無償返還届出書と相当地代改訂届出書の関係

Q.法人税基本通達には「無償返還届出書」と「相当地代改訂届出書」が示されていますが、この二つの届出書の使い分け方法と、届出後の効果の相違について説明してください。

A.「無償返還届出書」とは、会社が借地権を設定するなどして土地を他人に使用させる際、権利金を受け取らず、かつ地代が相場以下であっても、将来的にその土地を無償で返還することが合意されている場合に提出する届出書です。この場合、実際に支払われる地代と相場の地代との差額は認定されず、税務上は相場の地代が支払われたものとみなされます。これにより、土地が返還される際に地主が借地人へ立ち退き料を支払う必要がなくなります。

「相当地代改訂届出書」は、借地権設定契約で土地の価値が上がった際に地代を見直すことが約束されている場合に提出されます。この届出書を提出することで、土地の返還時の立ち退き料を支払う必要がなくなります。一方で、地代の見直しを行わないことやこの届出書を提出しない場合、土地価値の上昇に伴う地代見直しは必要なくなりますが、無償返還届出書を提出していないと、借地権者には借地期間中の特定権利が発生し、土地返還時には地主が立ち退き料を支払う必要が出てきます。

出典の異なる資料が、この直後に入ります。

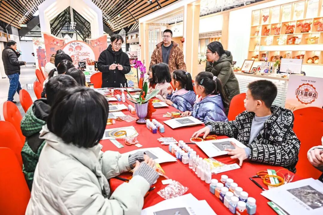 刷墨、覆纸、刷印,大小观众在工作人员的指导下,动作一气呵成,一匹匹骏马跃然纸上。春节期间,无锡博物院里,雕版印刷体验、年宵花制作、民间工艺大师展演、醒狮帽手作体验、百福图制作活动、新春专场演出轮番登场,还有“文心手造铺”吸引着众人来赶非遗大集。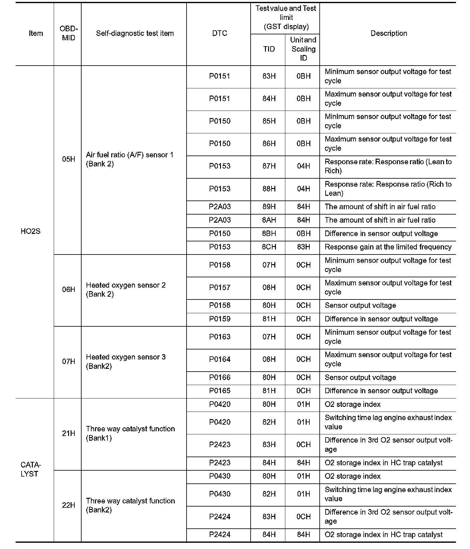 The items of the test value and test limit will be displayed with GST screen which items are provided by the ECM. (eg., if bank 2 is not applied on this vehicle, only the items of bank 1 are displayed)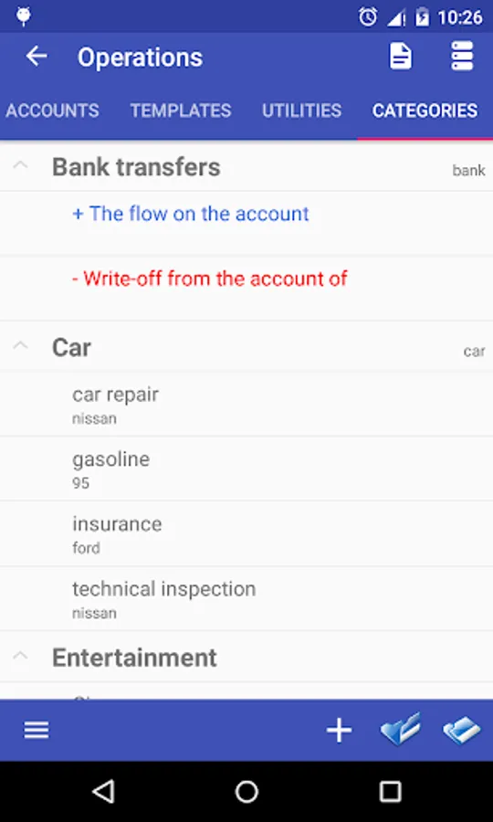 1. Maintain income and expenses of operations in the context of accounts, currencies and categories.

要するに、両届出書の使い分けは、土地の使用期間中に相当の地代が支払われ、将来的に土地の価値が上昇する場合には「相当地代改訂届出書」を提出し、改訂しない場合は「無償返還届出書」の提出が適切となります。また、借地権設定時に相当の地代未満である場合には、「無償返還届出書」の提出が必要となり、立退き料の支払いを避けることができます。ただし、権利金や特別な経済的利益を受けている場合はこの限りではありません。